Q: Some members of our board are pushing to form a separate foundation. Their arguments include that such a move would ensure that more funds come into the organization, that those funds can be better managed by a dedicated entity, that such a move will protect the assets of the original 501c3 and that this would put us on par with the larger, more respected organizations in the community like the local hospital.
Other members of the board aren’t so sure. Our auditor – a national CPA firm – provided a written opinion stating that we would realize no additional tax advantages and, if we relied on a single management team and board as we were considering, such a move would not protect our assets. We’d like your opinion as well.
A: This must be the question of the hour. I have had three different organizations raise this within the last month. I will try to respond to each of the arguments presented above. However, my thoughts are necessarily general. Inasmuch as you have already spoken with your auditor, who understands your particular situation, I would go with your auditor’s advice before mine. For others reading this, I suggest you seek such individualized advice as well.
A separate foundation makes sense if you are looking for public contributions and your nonprofit has an IRS designation such as 501c4 that prohibits you from providing donors with tax deductions for their donations. This is because a foundation could help you facilitate such donations. Assuming this is not the case with your organization, let’s look at the individual arguments.
You will be able to bring more funds into the organization. I find this assertion questionable. Why would a foundation be more capable of raising funds than the organization itself? Is it because the foundation will have experienced staff and volunteers dedicated to this purpose? Why can’t your organization hire the same staff, find the same volunteers and provide the same resources to make them successful? And, if your organization already has a fund development department, your duplication of administrative expenses may wipe out any potential benefit.
I’ve heard people say that donors may be more motivated to give to a foundation than to the 501c3 with which it is affiliated because of a prestige factor. However, study after study shows that people are motivated to give when they can see the direct impact their gifts have made. A foundation is merely an investment mechanism. It can’t demonstrate direct impact. But, your organization can. With the right staff in place at your organization, you have an equal or better chance of raising the funds a foundation could raise and you keep your administrative costs down.

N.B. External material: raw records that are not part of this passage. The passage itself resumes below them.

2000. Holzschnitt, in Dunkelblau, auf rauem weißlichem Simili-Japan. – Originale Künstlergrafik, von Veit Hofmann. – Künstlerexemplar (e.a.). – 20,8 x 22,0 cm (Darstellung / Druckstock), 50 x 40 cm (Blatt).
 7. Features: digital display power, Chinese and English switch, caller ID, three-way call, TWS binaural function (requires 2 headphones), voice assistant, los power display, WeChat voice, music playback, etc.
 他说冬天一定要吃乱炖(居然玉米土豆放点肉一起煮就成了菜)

A separate foundation will better manage the funds. My response to this is similar to my response above. As long as you have a dedicated investment committee charged with managing your 501c3’s funds, that committee is made up of the same or same caliber of people that would work with the foundation and you have strong investment policies, your results will be the same as if you had a separate foundation. It’s the people not the legal entity that manages your funds.

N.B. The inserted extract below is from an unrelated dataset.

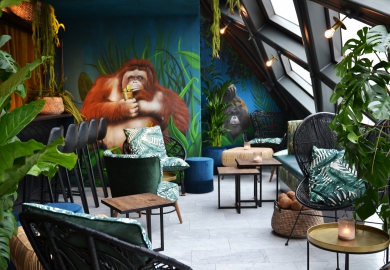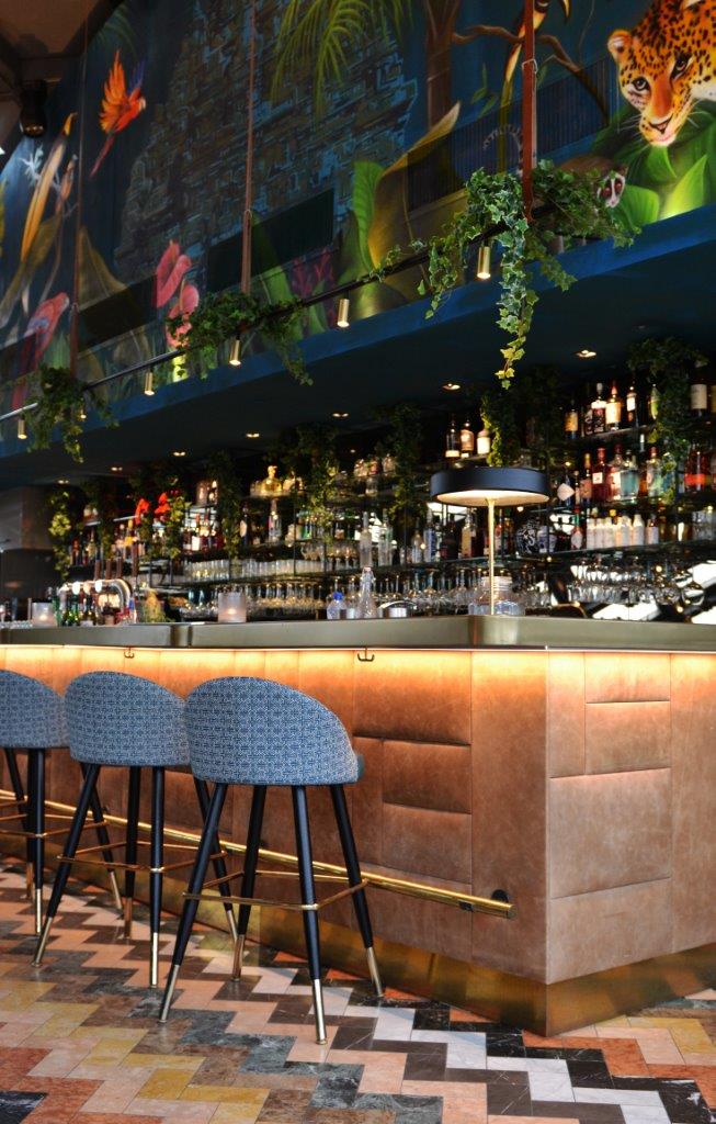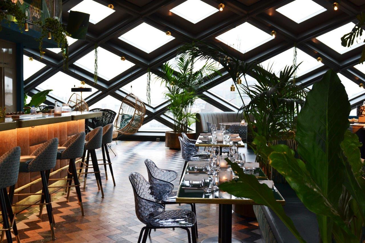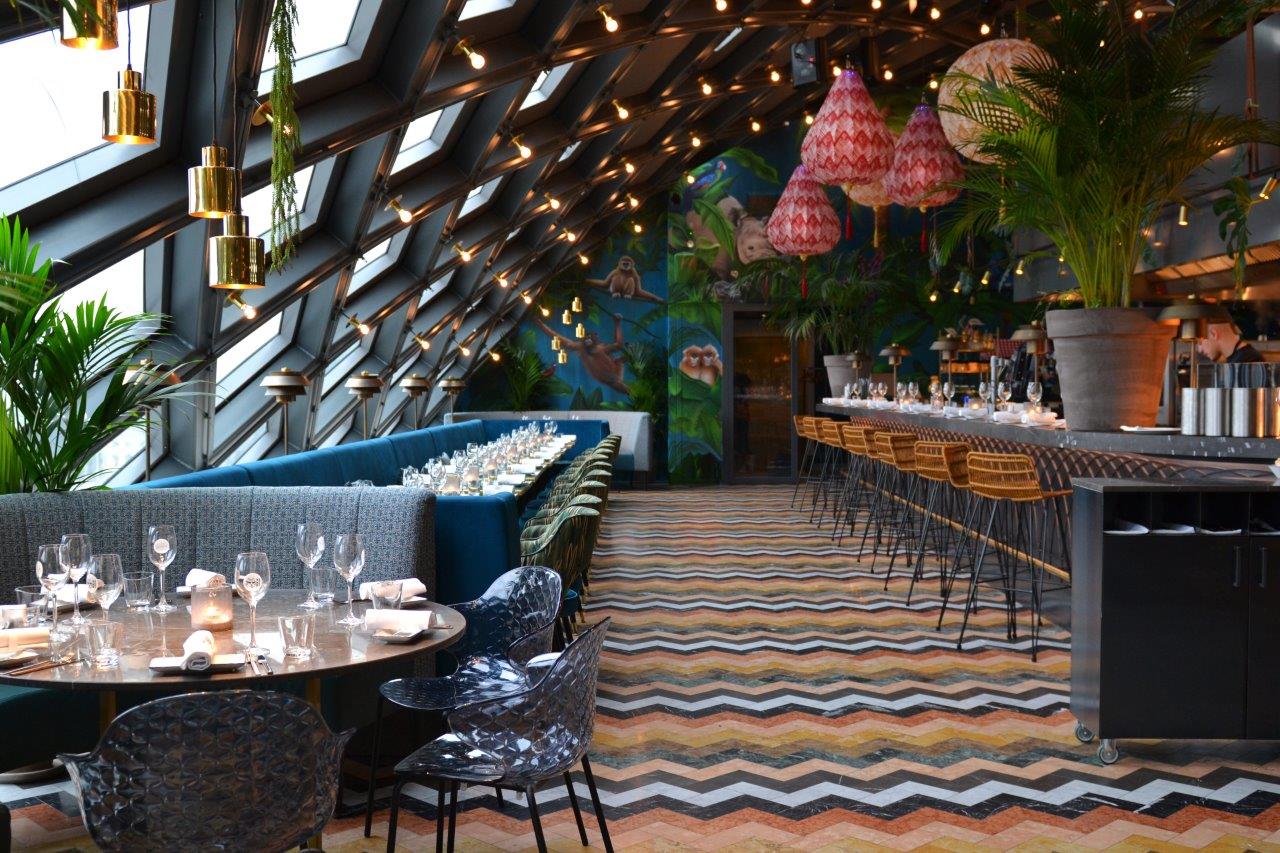 Downtown is geïnspireerd op de God en weduwe “Rangda”. Wanneer de avond valt en de muziek en het entertainment dynamischer wordt krijgt Rangda met haar vlammende tong, scherpe klauwen en demonisch rollende ogen, steeds meer moeite om de rust en harmonie in de Urban Jungle te bewaren. Met de ingang in de smalle steeg lijkt het op achteraf gelegen steegjes van Jakarta. De bar van Downtown heeft een spannende en uitgebreide verzameling cocktails, wijnen en gedestilleerd. De imposante stalen dakconstructie biedt uitzicht op een ware sterrenhemel van 275 lichtjes en over Amsterdam. HIP Studio is verantwoordelijk voor Concept, Design & Uitvoer.

Your organization’s assets will be protected if they are managed under a separate legal entity. Generally, board members are concerned with asset protection. This is a good thing. The organization could, after all, be wiped out if someone sues. However, while anyone can sue your organization for any reason, the chances of being sued and losing enough of your assets to force you to close or radically change what you do are fortunately slim. That is why you carry – or should carry – insurance. Besides, unless you create a totally separate foundation – one with its own staff and a unique board – you would be hard pressed to convince a determined lawyer or a jury that these are, in fact, distinct organizations where the assets of the foundation should not be tapped to pay for malfeasance on the part of the 501c3.

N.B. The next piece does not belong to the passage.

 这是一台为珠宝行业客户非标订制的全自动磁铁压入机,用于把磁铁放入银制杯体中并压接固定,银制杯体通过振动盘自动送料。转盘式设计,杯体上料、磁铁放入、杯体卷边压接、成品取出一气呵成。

There is another critical consideration here though. If you should go the route of creating an independent entity, you risk the very real danger that at some point in the future the board of the foundation will decide that it doesn’t like a policy of, or a person associated with, the 501c3 and it will therefore withhold “its” money from the 501c3. Even though the bylaws of both organizations may make clear that the money held in the foundation belongs to the 501c3, it may require a court battle to free those funds under such circumstances. And to anyone who wonders – this happens. A lot! And you were concerned about asset protection….
This will put us on par with other, more prestigious organizations in town, like the hospital. We tend to forget that few hospitals today are still nonprofit. For-profit hospitals must incorporate nonprofit foundations if they wish to solicit contributions and hope to give donors a tax deduction for those contributions. Also, hospitals are unique in that they may actually require asset protection because a relatively simple mistake can result in death or permanent disability – a situation in which juries are more likely to award significant sums of money.
Does the argument still hold if we take away the example of the hospital and compare ourselves to other prestigious organizations in town? Not really. What makes an organization prestigious? I guarantee it is not the existence of a foundation. It is that these organizations positively impact the community, they are well run and they attract people who want to be associated with a winner. Any organization can achieve these three things without a foundation.
I would suggest that you would be incurring additional expense and bureaucracy for little real benefit if you succumb to the arguments of those on the board that want a separate foundation.